Focus on: code quality, benchmark config changes, and performance impact. Do not be lazy.
## Updating perf-changelog.yaml
When making changes to benchmark scripts or master config files that affect image tags, environment variables, or configuration parameters, you MUST add an entry to `perf-changelog.yaml`.
**When to update perf-changelog.yaml:**
- Updating image tags in `.github/configs/*-master.yaml` or `benchmarks/*.sh` scripts
- Adding or modifying environment variables in benchmark configurations
- Changing configuration parameters that affect performance
**Entry format:**
```yaml
- config-keys:
- dsr1-fp8-*-vllm # Use wildcards to match multiple configs
description:
- "Update vLLM image from v0.11.2 to v0.13.0"
- "Add VLLM_MXFP4_USE_MARLIN=1 environment variable"
pr-link: https://github.com/SemiAnalysisAI/InferenceX/pull/XXX
```
**Guidelines:**
- Use wildcards (`*`) in config-keys to match multiple related configurations
- Each description item should be a concise change summary
- The pr-link should reference the PR number (use XXX as placeholder until PR is created)
## Spawning Additional Workers:
You CAN spawn additional Claude workers by commenting "@claude" with a specific task.
**Rules for spawning workers:**
1. Only spawn workers for truly parallel, independent tasks
2. Never spawn more than 2 workers at once
3. Include `[depth:N]` in your spawn comment (increment from parent)
4. Do NOT spawn if you see `[depth:3]` or higher in the thread
5. Each spawned worker should have a clearly scoped, specific task
Example spawn comment: `@claude [depth:1] Please analyze the AMD benchmark results while I focus on NVIDIA results.`
**Never spawn workers for:**
- Sequential tasks that depend on each other
- Simple tasks you can do yourself
- When you're unsure if it's needed
## Web Access:
You have internet access via MCP servers:
- `mcp__fetch__fetch` - Fetch content from any URL
- Or you can use `mcp__inferencemax-repos__*` to look at sglang/vllm code
### Useful Documentation URLs:
- sglang: https://docs.sglang.ai/
- vllm: https://docs.vllm.ai/en/latest/
- vllm optimized flags configs: https://github.com/vllm-project/recipes
### Additional Knowledge
- MI355 is gfx950 not gfx1201
- **STP (Single Token Prediction)**: Standard autoregressive decoding — one token per forward pass.

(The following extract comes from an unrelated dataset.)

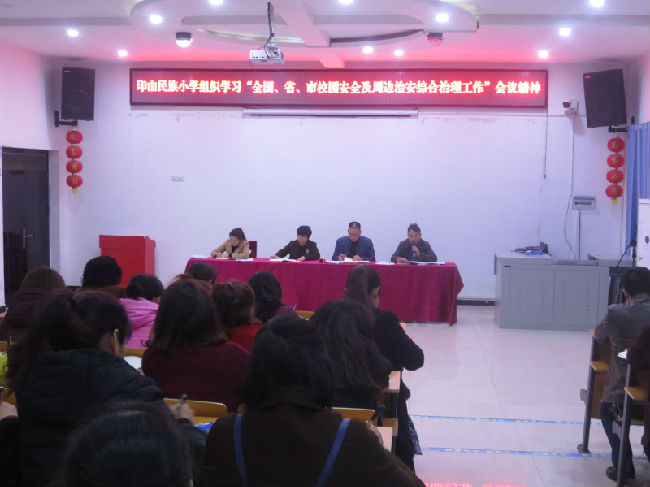 3月5日下午,印山民族小学在学校阶梯教室组织学习“全国、省、市校园安全及周边治安综合治理工作”会议精神。该校校长主持会议,全校150余名教职员工参加了此次会议。

No speculative decoding or MTP. Benchmarks labeled "STP only" use vanilla decoding.
- **MTP (Multi-Token Prediction)**: Predicts multiple tokens per forward pass using speculative decoding (e.g., EAGLE, NEXTN).

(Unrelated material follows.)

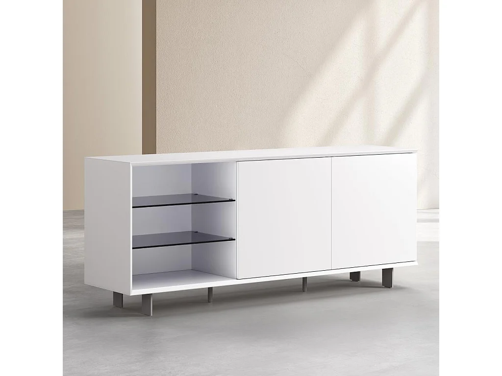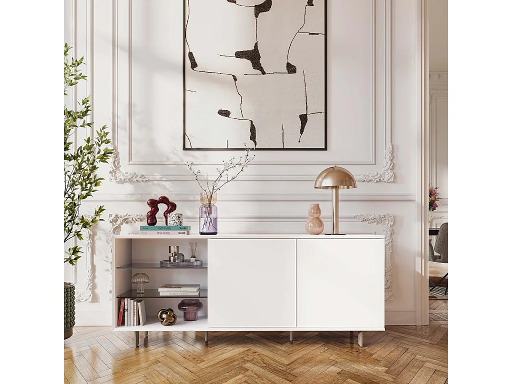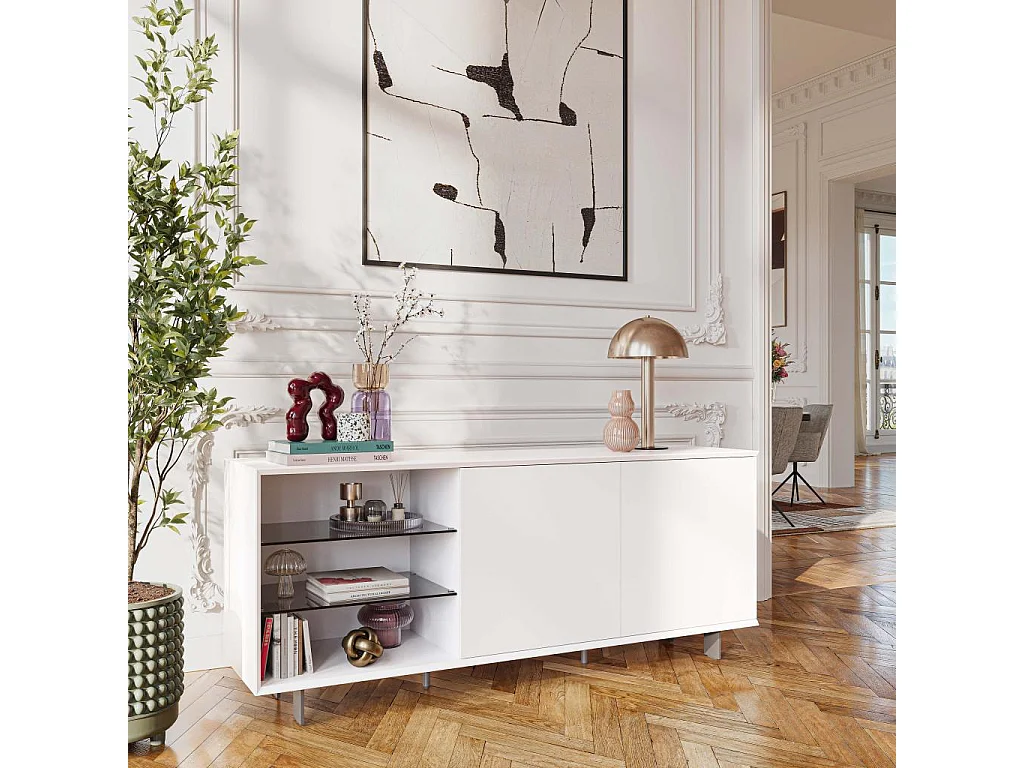 Habitat - Buffet bas 2 portes et pieds en métal - Blanc polaire - Agnes

### Expert Parallelism in Benchmark Scripts
vLLM and SGLang handle expert parallelism differently. When writing or reviewing benchmark scripts for MoE models:
- **vLLM** (`vllm serve`): Uses `--enable-expert-parallel` (a boolean flag). vLLM does NOT accept `--expert-parallel-size`. When EP is enabled, vLLM automatically determines the EP size based on TP and the number of available GPUs.
- **SGLang** (`sglang.launch_server`): Uses `--expert-parallel-size N` (an explicit integer). Pass the `EP_SIZE` env var value directly.
- **ATOM** (AMD vLLM fork): Uses `--enable-expert-parallel` (same as vLLM).
**Required pattern for vLLM/ATOM scripts:** Scripts must conditionally enable `--enable-expert-parallel` based on the `EP_SIZE` env var from the config YAML, rather than hardcoding it:
```bash
if [ "$EP_SIZE" -gt 1 ]; then
EP=" --enable-expert-parallel"
else
EP=" "
fi
# Then use $EP in the vllm serve command
```
This ensures the script respects the `ep` setting in the master config YAML's search-space.